When Atty. Jose C. Espinas (herein movant and alleged original counsel for the Union) learned of the
sale and apportionment of the proceeds from past Union president Amado Lopez, he requested Labor
Arbiter Raymundo Valenzuela to allow him to look into the records of the case. The latter, however,
told him that the records of the case were missing. Thereupon, Atty. Espinas requested Director
Pascual Reyes of the NLRC to locate the records.

Issue:
a.Whether or not Atty. Pineda and Arbiter Valenzuela should be held in contempt.

b. Whether or not Atty. Pineda should be disbarred.

Held:
a. YES. Contempt of court is a defiance of the authority, justice or dignity of the court; such conduct
as tends to bring the authority and administration of the law into disrespect or to interfere with or
prejudice parties litigant or their witnesses during litigation.

The power to punish for contempt is inherent in all courts and is essential to the preservation of order
in judicial proceedings and to the enforcement of judgments, orders, and mandates of the court, and
consequently, to the due administration of justice.

In the Slade Perkins case, "the exercise of the power to punish contempt has a twofold aspect, namely
(1) the proper punishment of the guilty party for his disrespect to the court or its order; and (2) to
compel his performance of some act or duty required of him by the court which he refuses to perform.
Due to this twofold aspect of the exercise of the power to punish them, contempts are classified as
civil or criminal.
A civil contempt is the failure to do something ordered to be done by a court or a judge for the benefit
of the opposing party therein.

A criminal contempt, is conduct directed against the authority and dignity of a court or of a judge, as
in unlawfully assailing or discrediting the authority or dignity of the court or judge, or in doing a duly
forbidden act.

b. YES. Under Section 27 of Rule 138 of the Revised Rules of Court which provides:
Sec. 27. Attorneys removed or suspended by Supreme Court on what grounds.—A member of the bar
may be removed or suspended from his office as attorney by the Supreme Court for any deceit,
malpractice, or other gross misconduct in such office, grossly immoral conduct, or by reason of his
conviction of a crime involving moral turpitude, or for any violation of the oath which he is required
to take before admission to practice, or for a willful disobedience of any lawful order of a superior
court, or for corrupt or willfully appearing as an attorney for a party to a case without authority so to
do.

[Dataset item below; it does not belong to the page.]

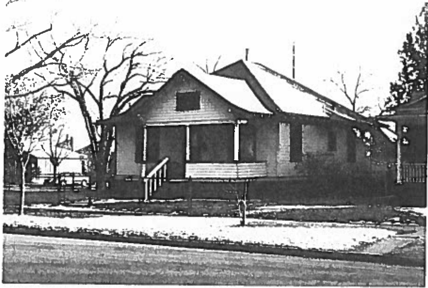
961 Chipeta Ave. , Grand Junction, Mesa Co, CO 2945-141-33-008 1/29/1996 Roll 21 Frame 04 View N Dir S/SW 5ME7929

The practice of soliciting cases at law for the purpose of gain, either personally or through paid
agents or brokers, constitutes malpractice.
The Court may suspend or disbar a lawyer for any conduct on his part showing his unfitness for the
confidence and trust which characterize the attorney and client relations, and the practice of law
before the courts, or showing such a lack of personal honesty or of good moral character as to render
him unworthy of public confidence.
In the case, the expeditious manner by which Arbiter Valenzuela granted Atty. Pineda's motion for
such authority to sell the property make the entire transaction dubious and irregular.

Significantly Atty. Pineda's act of filing a motion praying for authority to sell was by itself an admission
on his part that he did not possess the authority to sell the property. He could not and did not even
wait for valid authority but instead previously obtained the same from the labor arbiter whom he
knew was not empowered to so authorize.

The 45% attorney's lien on the award of those union members who were no longer working and the
30% lien on the benefits of those who were still working as provided for in the alleged retainer's
contract are also very exorbitant and unconscionable.

*Atty. Pineda is found guilty of indirect contempt of court for which he is sentenced to imprisonment
and directed to show cause why he should not be disbarred.